Aber wohin mit den Einwohnern von Köthen? Da habe ich eine Idee:
Die Initiative KKK – Köthen konsequent kuriert ruft alle Homöopathen dieser Welt zur Mithilfe auf! Um die homöopathische Heilung der Stadt Köthen voranzutreiben braucht die Initiative KKK ihre Spende! Mit dieser Spende wird die Initiative KKK die Rahmenbedingungen schaffen, um der Stadt Köthen eine ganzheitliche homöopathische Heilung zu ermöglichen!
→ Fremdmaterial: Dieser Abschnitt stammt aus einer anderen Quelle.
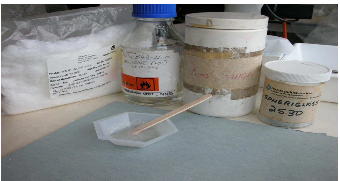
A new filler was used to fill the structural void at the re-attached shaft area. It was made by mixing polyethelene fibers, fume silica, Spheriglass micro-balloons with 30% Paraloid B48 Acrylic resin in Acetone (acrylic adhesive). This filler is a good working material as it would start to dry within minutes, yet soft enough to work a shape out of it by simply adding some acetone to soften it. Within 48 hours, the filler would be concrete hard, thus matching the strength of the bronze Jingle structure.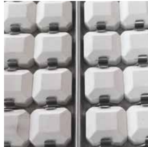
CERAMIC RADIANT BRIQUETTES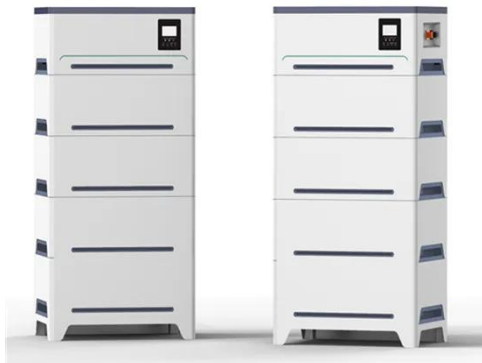
Photo: grid-forming inverter with 10kW power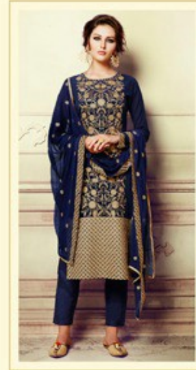
D No :- 103-A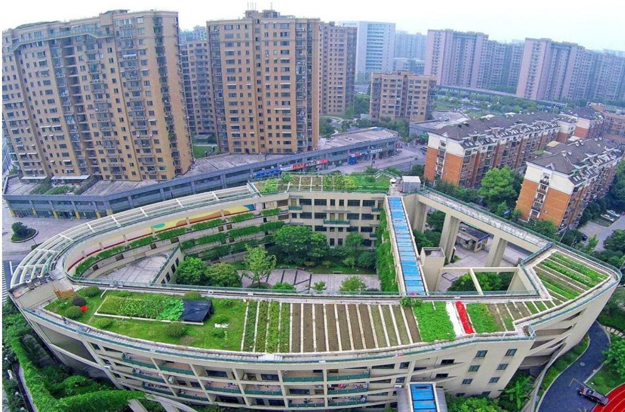
Figure 1. Roof garden in the central city area

In these cases the greenery is sacrificed that is on the Earth land that means the “city lungs” are sacrificed. The expense of the pollution air and unhealthy environment, these two processes are building and implemented, to which, we all agree that they are modern and necessary in the modern society, but not taking the swing completely, that means to be built by the cost of the green area that has existed for a long time.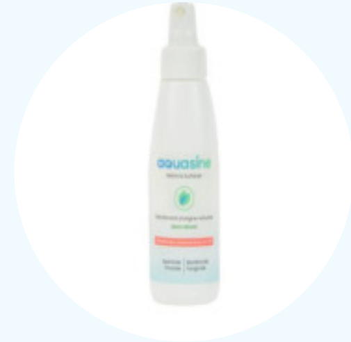
AQUASINE Hands & Surfaces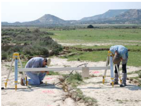
Fig. 3. Determination of a gully cross-section profile using a laser profilometer.

On the other hand, cross-section profiles in the same location as before were obtained by field survey. These were determined by using a laser profilometer (Fig. 3). Where the extremely large width and depth of the largest gully prevented the use of the profilometer, cross-section profiles were obtained instead by means of a total station.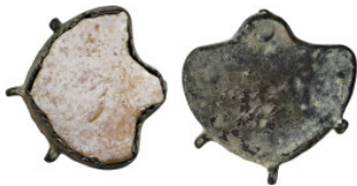
943 This bronze pendant with gemstone is an antique piece of art, featuring an elegant design inspired by traditional styles. (32 mm, 9.38 g).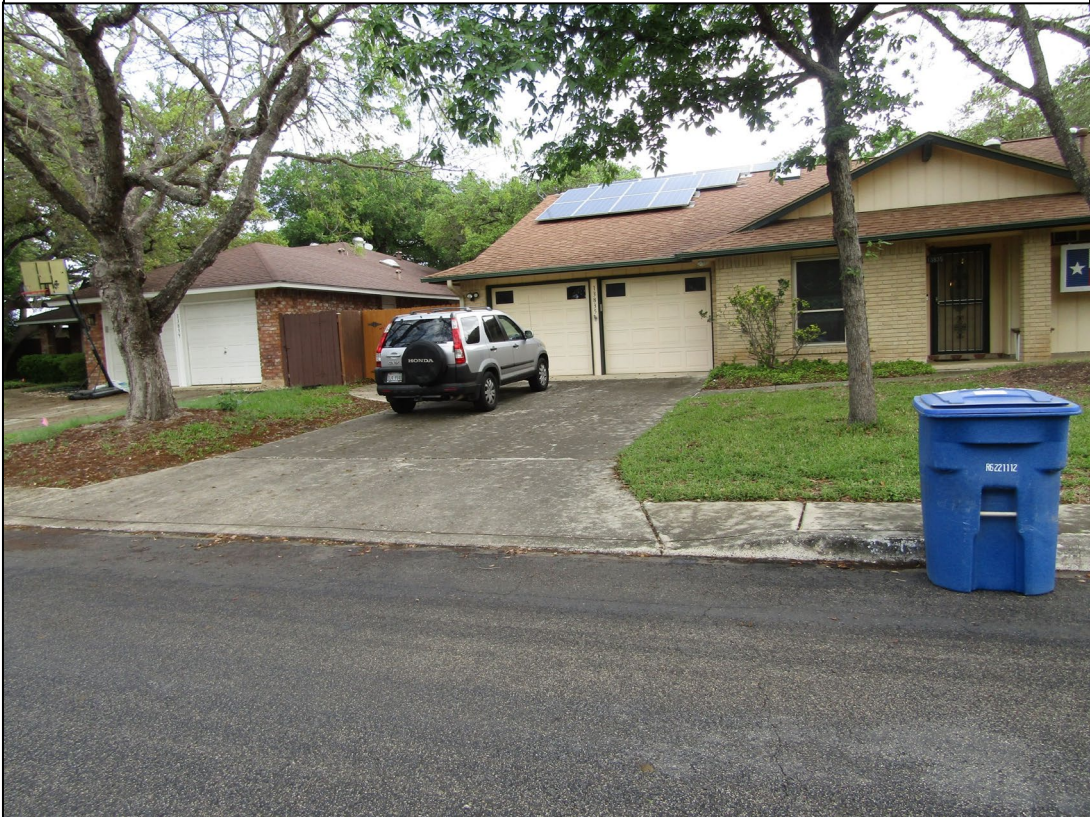
Views of subject property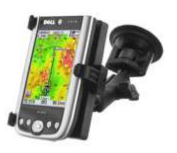
RAP-B-200-12U RAM VARIABLE SWIVEL ARM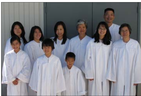
Some of the October baptism candidates

Today, I am getting baptized to be obedient and pleasing to God. I want to thank the Lord for my family and friends for witnessing my blessing of baptism.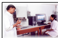
DNA Sequencing & Mutation Analysis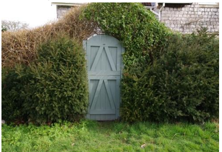
Ref 13 j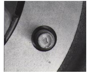
3/4" Wheel Bolt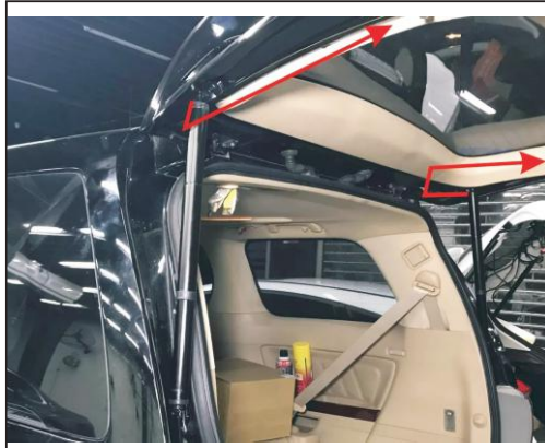
5. Remove the plaque, door trim lines to hall go to end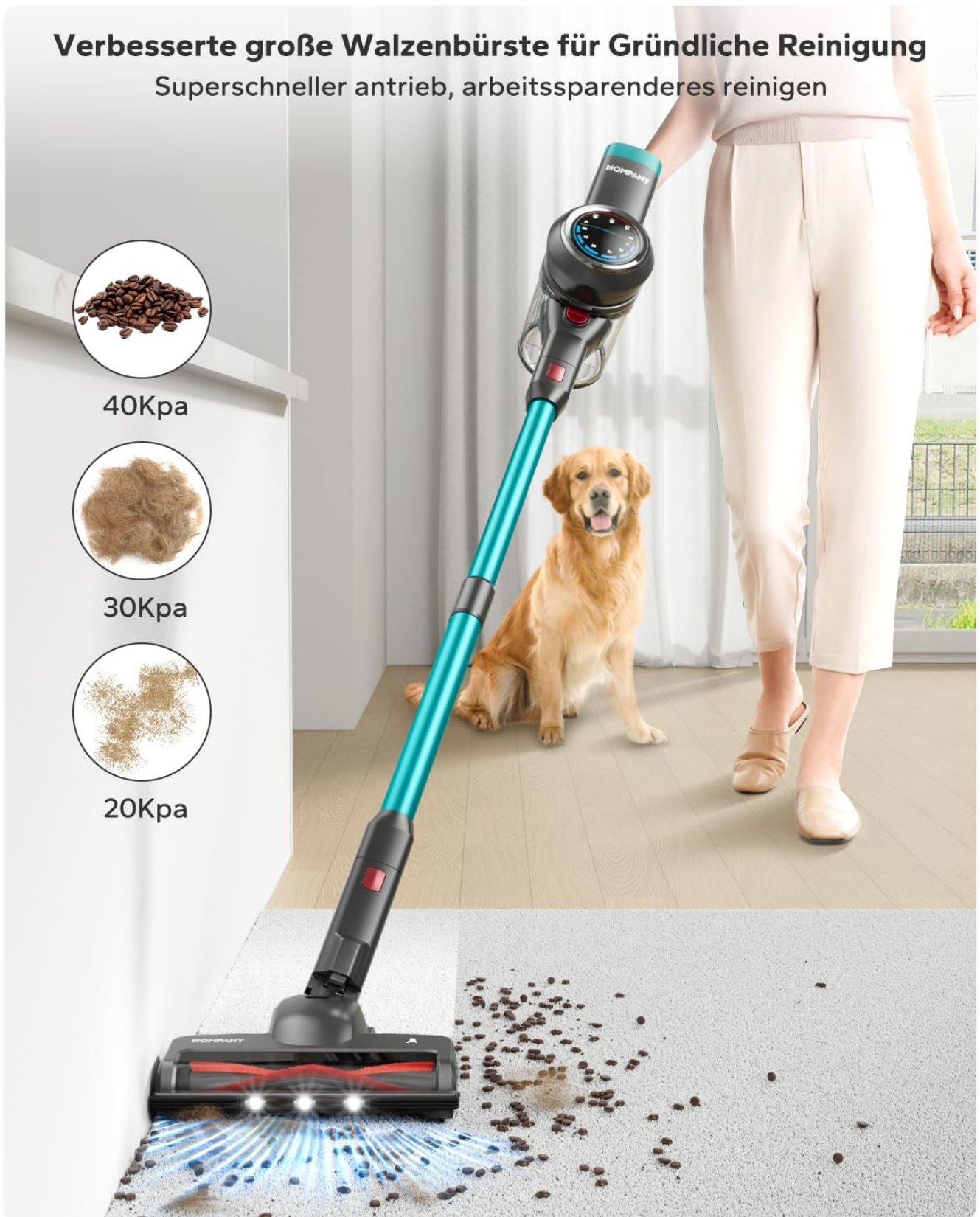
Figure 3.2: The vacuum demonstrates its ability to pick up various debris sizes, from fine dust to larger particles like coffee beans, across different suction levels.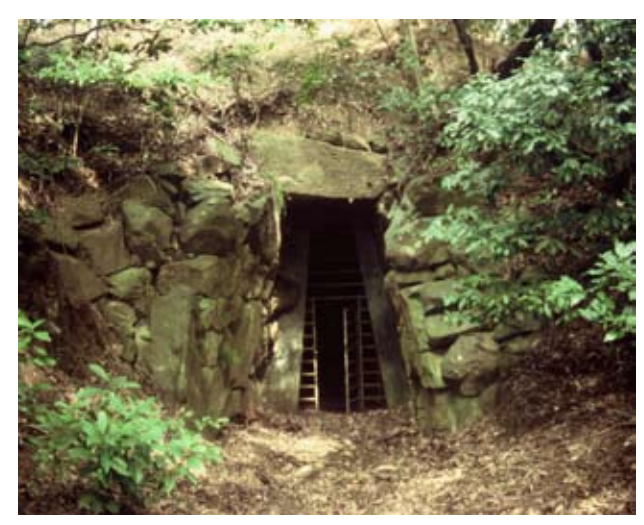
FIGURE 2: The stone structure, Ame no iwado, on Mount Takakura.

I have already mentioned that the top section of the Ise sankei mandara differs from the lower sections in that it offers a glimpse into another world, a spiritual world. This world, however, is not represented by abstract symbols but by concrete images of persons and things as they exist in the physical world. One of the locations where the pilgrims could come in quasi-physical contact with this other world was a stone structure erected on Mount Takakura 高倉山, a hill of low elevation (117m) behind the Outer Shrine. This structure is known by various names, but in popular tradition it was widely known as Ame no iwado 天の 岩戸 and is believed to be the cave where Amaterasu hid herself after she had been put to shame by her brother Susanoo (FIGURE 2). Today the cave is said to be a kofun 古墳, but the Shinkyō kidan 神境紀談, a text compiled in 1700, quotes many traditions of the Edo period which say that the cave had once been the abode of evil or unruly deities who were eventually overcome and driven out by the power of Toyouke, the deity of the Outer Shrine located at the foot of the mountain. In the vicinity of the cave was also some flat open space which was known as Takama no hara 高天原, the "High Heavenly Plain" of mythology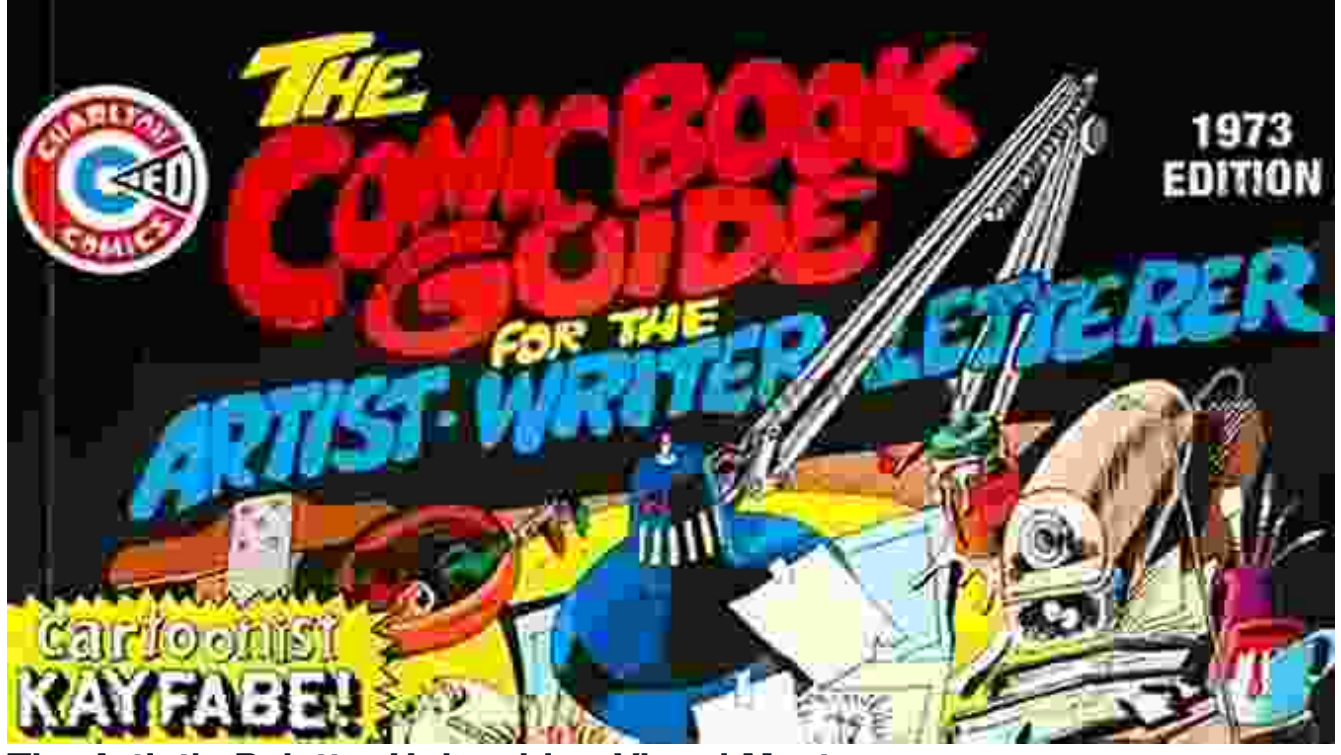
The Artist's Palette: Unleashing Visual Mastery

As an artist, you're the architect of your comic book's visual identity. This guidebook delves into the fundamentals of comic book art, providing you with the tools and techniques to captivate readers with stunning visuals.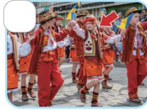
walk in the parade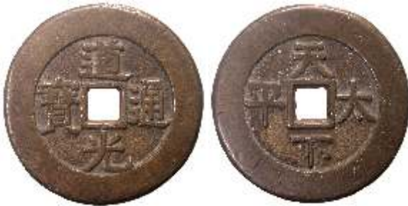
87262. CH'ING: Dao Guang , 1821-1850, AE charm, CCH-288, tian xia tai ping (peace under heaven), "curtain hanging money", f-vf, S $100

Coin image is approximately 80% of actual size.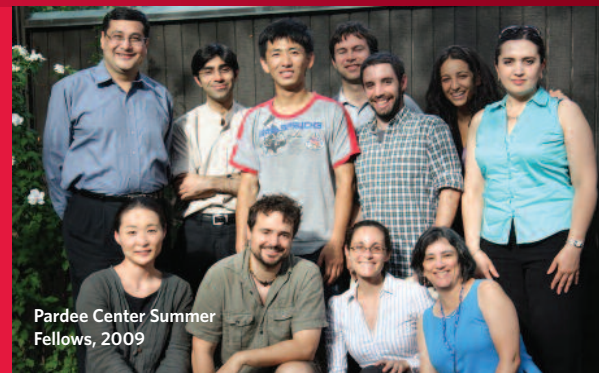
Pardee Center Summer Fellows, 2009

From the start, the Pardee Center has sought the company of inspiring minds.

… in dem sie die Bürger für den Heilungszeitraum auf Kosten der Initiative KKK einfach an einen schönen Ort verbringt. Ob Mallorca, Kanarische Inseln, Österreich – in der Nebensaison (auf Schulferien muss keine Rücksicht genommen werden, der Unterricht an den Schulen wird am Ort der Verbringung fortgesetzt) und bei der Menge der zu verbringenden Personen (Mengenrabatt!) wird das bestimmt gar nicht soooo teuer. Und die Heilung der Stadt wird nicht nur zusätzlich durch zufrieden heimkehrende Bürger unterstützt, wenn sich das rumspricht werden nicht wenige Menschen versuchen ihren Wohnsitz nach Köthen zu verlegen und die Abwanderungstendenz ist gebannt. Deshalb:
Liebe Homöopathen, liebe Hersteller homöopathischer Produkte, bitte unterstützt die Initiative KKK – die Homöopathiestadt Köthen hat es verdient konsequent kuriert zu werden!